### WORK TO COMPLETE
Starting with the line that has "Kočky sedící u" in the records below and ending with the line that has "SDG Suriye’nin petrol", output those lines exactly and nothing more; omit the pictures.
○ ○ ○ ○ ○
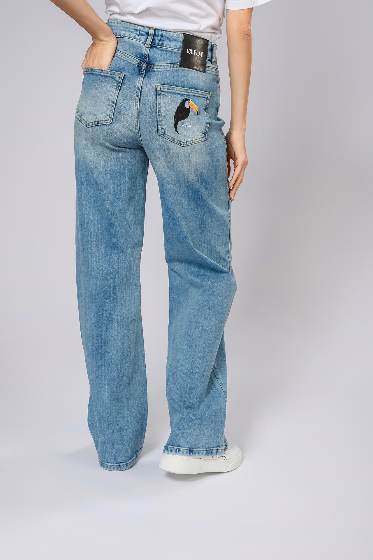Джинсы Ice Play голубые с вышивкой тукан и патчем
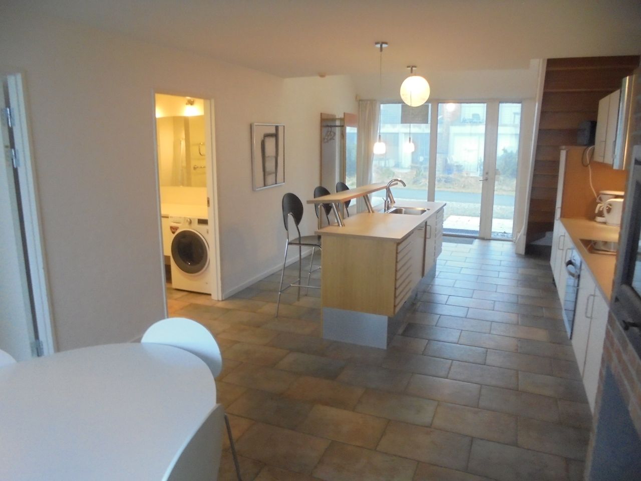 Indrettet med åbent køkken med spiseafdeling, udgang til terrasse, 2 store soveværelser med dobbeltsenge, nydeligt badeværelse med bruseniche. Fra køkken er der adgang til 1.sal via trappe, hvor der er stor opholdsstue og udgang til terrasse/altan.
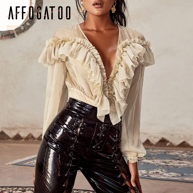 صور من Affogatoo مثير v الرقبة أنيقة كشكش النساء ارتداءها قميص خمر طويلة الأكمام بلوزة ارتداءها 2019 الصيف السيدات playsuit رومبير
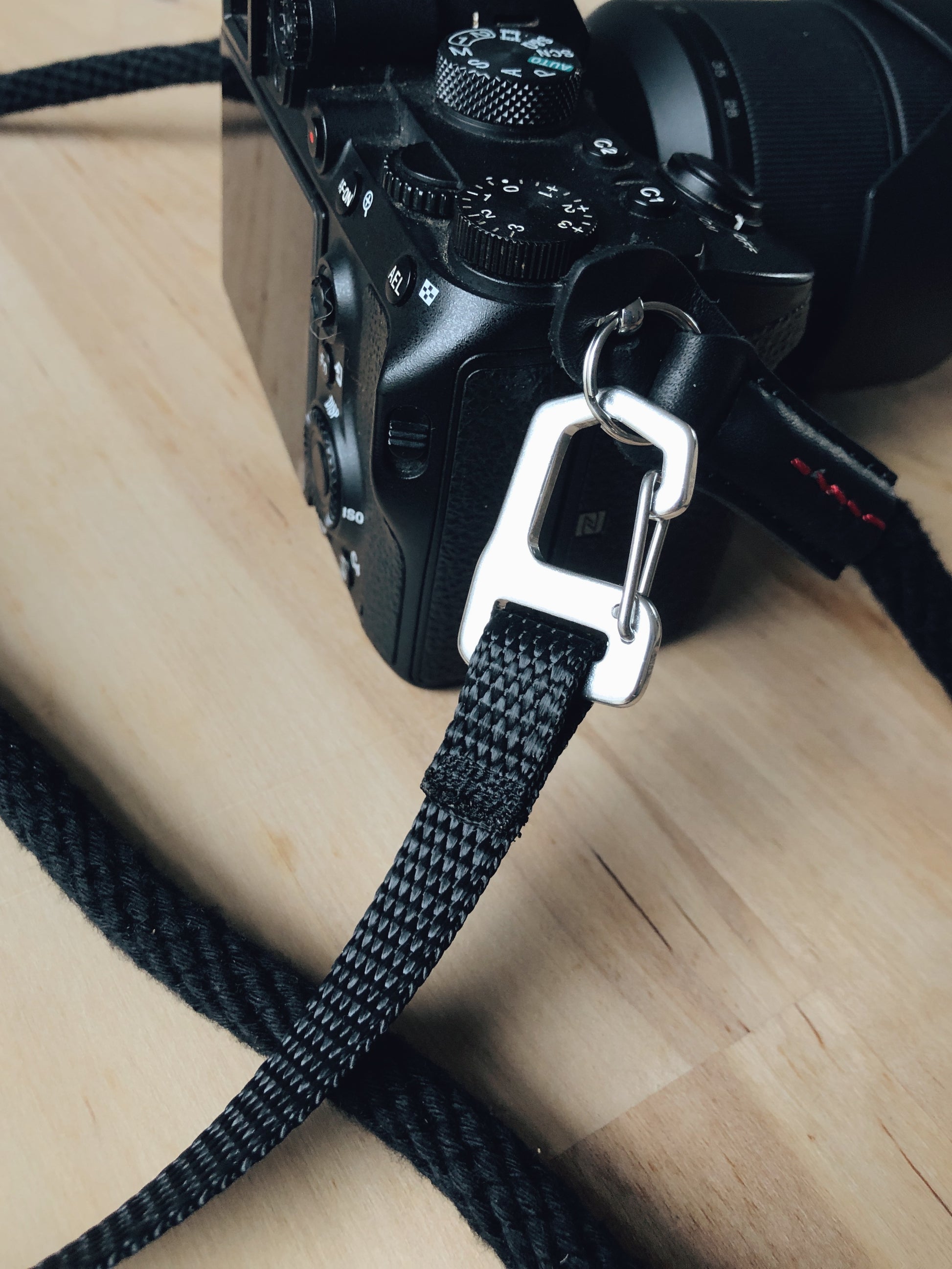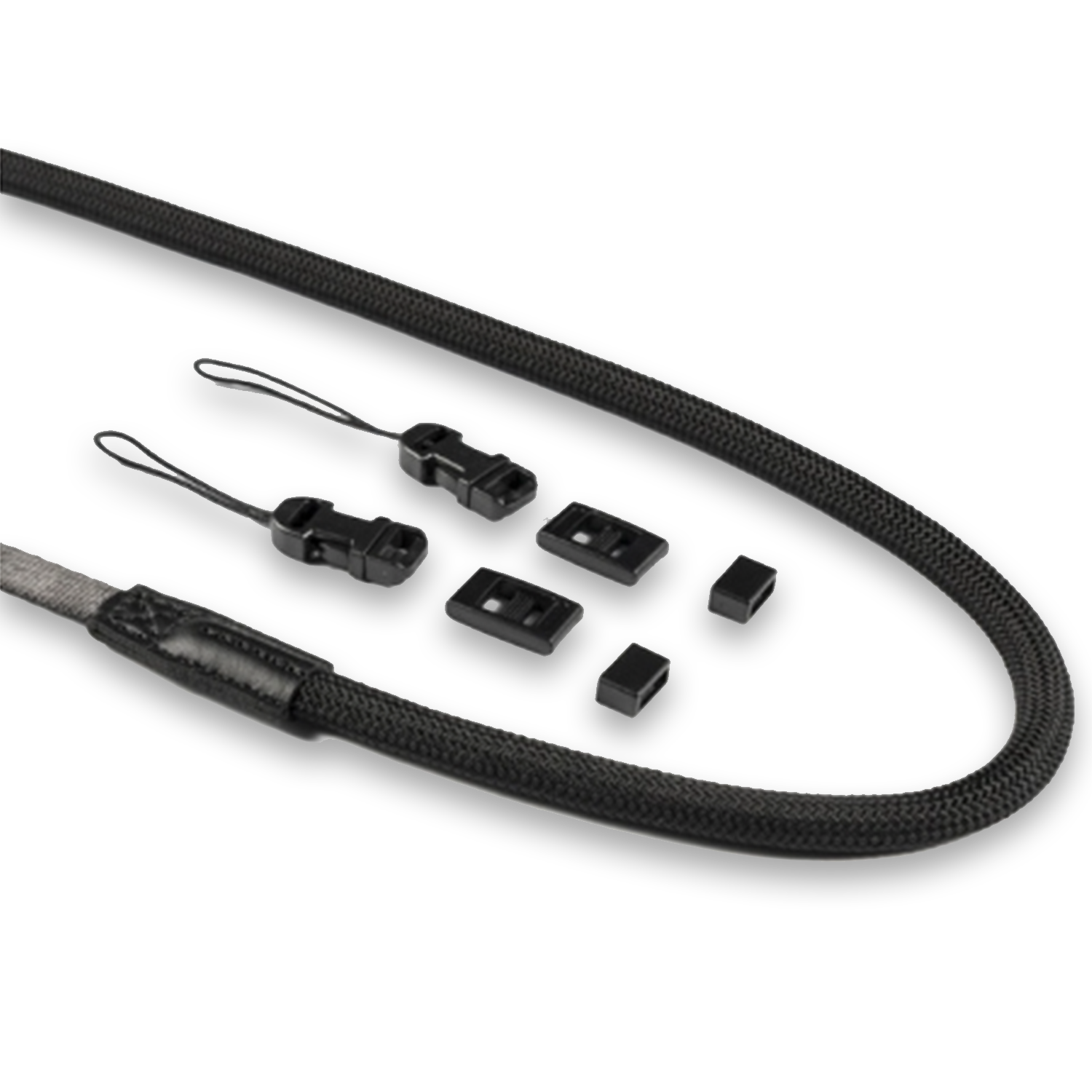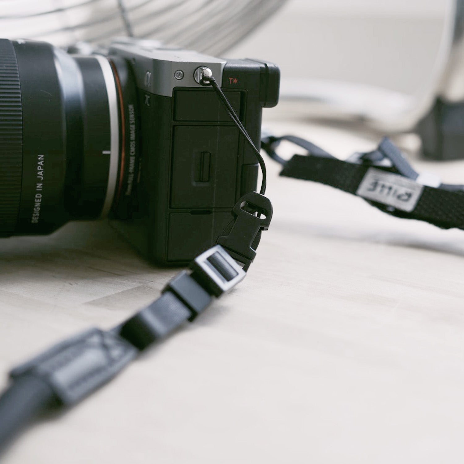 The Rille stabiliser strap is the best solution we could find to keep our cameras secure on our backs when out on rides. We paired it with a 9mm thick mountaineering shoulder strap which is adjustable in length from 80-135cm and connects to the camera using easy-to-detach ABS buckles.
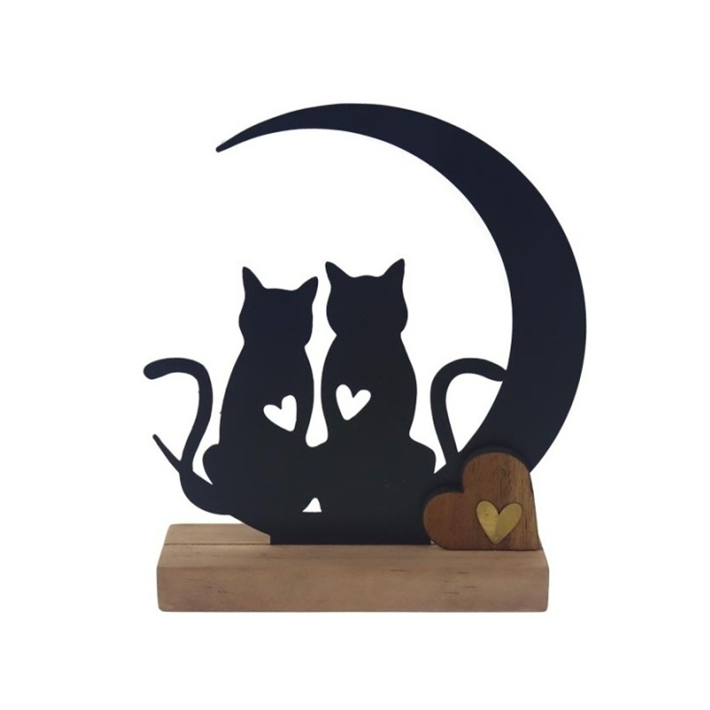 Kočky sedící u měsíce se srdíčky kovové na dřevěném podstavci 16,5cm
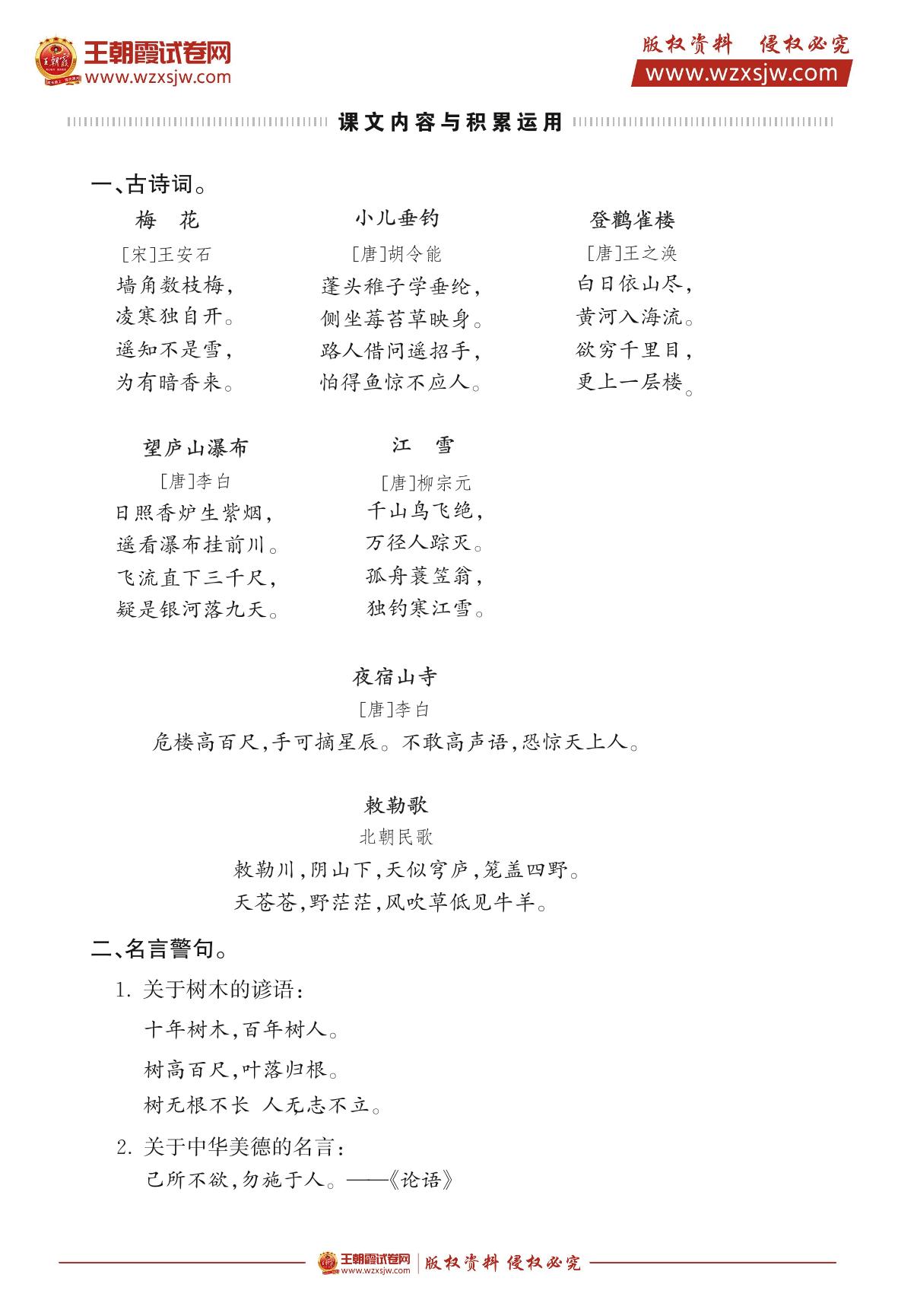 二年级上册 背诵内容梳理(人教版)
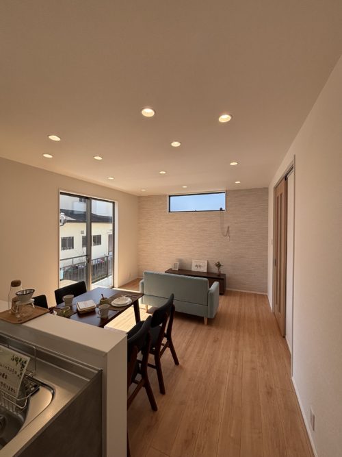 リビングの壁には、落ち着いたグレージュ系のアクセントクロスを採用し
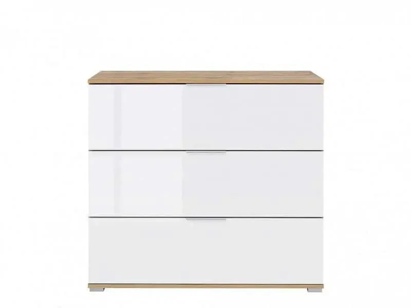 Stylová a praktická šuplíková komoda Zele KOM3S kombinuje dub wotan s lesklými bílými dvířky a čely, čímž dohromady vytváří svěží, nadčasový vzhled. Tři prostorné zásuvky poskytují dostatek místa pro oblečení i dokumenty, takže organizace věcí je jednoduchá.
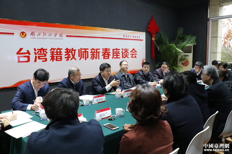 中共中央臺(tái)辦、國(guó)務(wù)院臺(tái)辦副主任龍明彪與湖北經(jīng)濟(jì)學(xué)院臺(tái)籍教師座談交流。(中國(guó)臺(tái)灣網(wǎng) 李寧 攝)
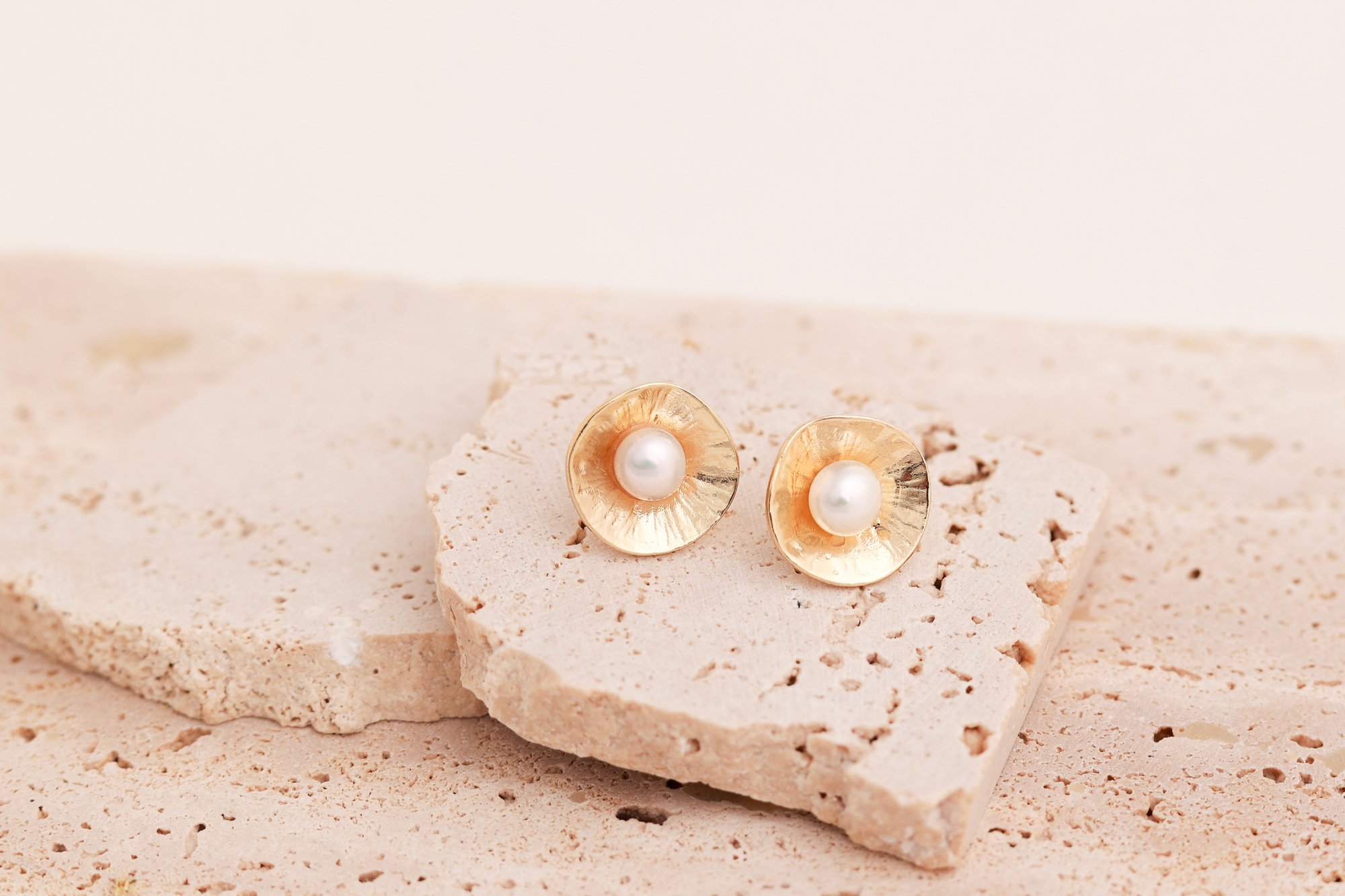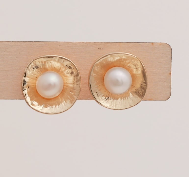 These earrings feature round pearls set in textured gold disc studs. With a soft yet bold look, they blend modern design with timeless pearl elegance.
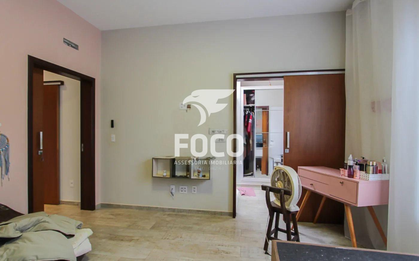 O imóvel possui três suítes, sendo duas com closet conjugado ao WC em formato de sala de banho, com teto de vidro, e uma suíte master.
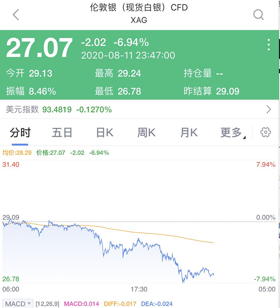 到了11日晚间,现货黄金持续跳水,跌破1940美元/盎司,日内跌4.4%,较历史高位跌去近135美元。现货白银跌破27美元/盎司,日内一度跌逾8%。
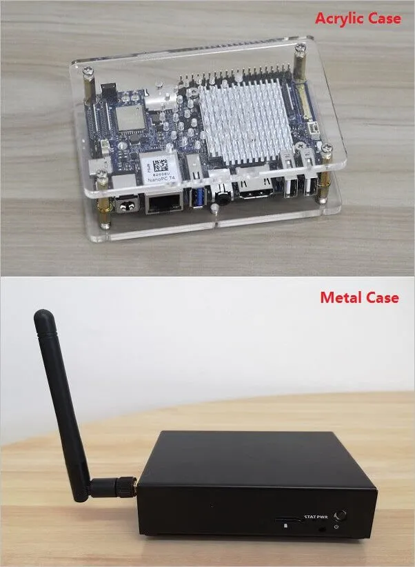 The NanoPC T4 is definitely one of the best high-end SBC (Single board computer) I recently tested and reviewed. With the default acrylic plastic case users may expect partial cover for all the board interfaces. If you need a closed type of case and not a semi-closed acrylic, composed of just two plates I suggest checking FriendlyElec metal priced at $6.99. This cool and well-designed case will not only protect the T4 board from dust and dirt but also assures the heat dispersion will be optimal. Having said that, you are welcome to check more information about this recommended product on the link posted below:
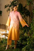 2-Piece Fabric: Lawn silk. This suit features a gradient color scheme. It includes a straight shirt with a collar neckline, with ada work embroidery on one side of the shirt and..
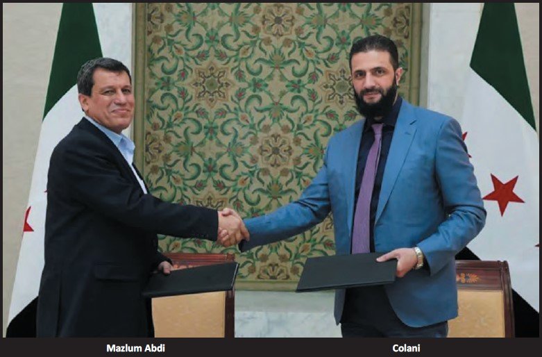 SDG Suriye’nin petrol bakımından en zengin topraklarını ABD emperyalizmi adına elinde tutuyor, emperyalizmin paralı askerliğini yapıyor. Gelinen aşamada emperyalizm SDG ve HTŞ’yi masaya oturtup anlaşma imzalattı. İşbirlikçi Suriye tarafından yapılan açıklamaya göre sekiz maddelik anlaşmada; SDG’nin kontrolündeki tüm sivil ve askeri kurumların yanı sıra petrol ve doğalgaz sahalarının da Şam yönetimine devredileceği belirtildi. Mazlum Abdi yapılan anlaşma için Suriye’nin inşasında gerçek bir fırsat açıklaması yaptı.
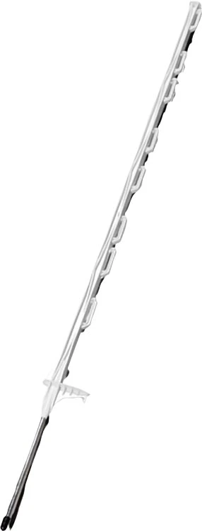 Plastic post with a metal spike, designed for Electric fence wiring usage. 4ft tall, white
○ ○ ○ ○ ○
### TASK SOLUTION
 Kočky sedící u měsíce se srdíčky kovové na dřevěném podstavci 16,5cm
 二年级上册 背诵内容梳理(人教版)
 リビングの壁には、落ち着いたグレージュ系のアクセントクロスを採用し
 Stylová a praktická šuplíková komoda Zele KOM3S kombinuje dub wotan s lesklými bílými dvířky a čely, čímž dohromady vytváří svěží, nadčasový vzhled. Tři prostorné zásuvky poskytují dostatek místa pro oblečení i dokumenty, takže organizace věcí je jednoduchá.
 中共中央臺(tái)辦、國(guó)務(wù)院臺(tái)辦副主任龍明彪與湖北經(jīng)濟(jì)學(xué)院臺(tái)籍教師座談交流。(中國(guó)臺(tái)灣網(wǎng) 李寧 攝)
 These earrings feature round pearls set in textured gold disc studs. With a soft yet bold look, they blend modern design with timeless pearl elegance.
 O imóvel possui três suítes, sendo duas com closet conjugado ao WC em formato de sala de banho, com teto de vidro, e uma suíte master.
 到了11日晚间,现货黄金持续跳水,跌破1940美元/盎司,日内跌4.4%,较历史高位跌去近135美元。现货白银跌破27美元/盎司,日内一度跌逾8%。
 The NanoPC T4 is definitely one of the best high-end SBC (Single board computer) I recently tested and reviewed. With the default acrylic plastic case users may expect partial cover for all the board interfaces. If you need a closed type of case and not a semi-closed acrylic, composed of just two plates I suggest checking FriendlyElec metal priced at $6.99. This cool and well-designed case will not only protect the T4 board from dust and dirt but also assures the heat dispersion will be optimal. Having said that, you are welcome to check more information about this recommended product on the link posted below:
 2-Piece Fabric: Lawn silk. This suit features a gradient color scheme. It includes a straight shirt with a collar neckline, with ada work embroidery on one side of the shirt and..
 SDG Suriye’nin petrol bakımından en zengin topraklarını ABD emperyalizmi adına elinde tutuyor, emperyalizmin paralı askerliğini yapıyor. Gelinen aşamada emperyalizm SDG ve HTŞ’yi masaya oturtup anlaşma imzalattı. İşbirlikçi Suriye tarafından yapılan açıklamaya göre sekiz maddelik anlaşmada; SDG’nin kontrolündeki tüm sivil ve askeri kurumların yanı sıra petrol ve doğalgaz sahalarının da Şam yönetimine devredileceği belirtildi. Mazlum Abdi yapılan anlaşma için Suriye’nin inşasında gerçek bir fırsat açıklaması yaptı.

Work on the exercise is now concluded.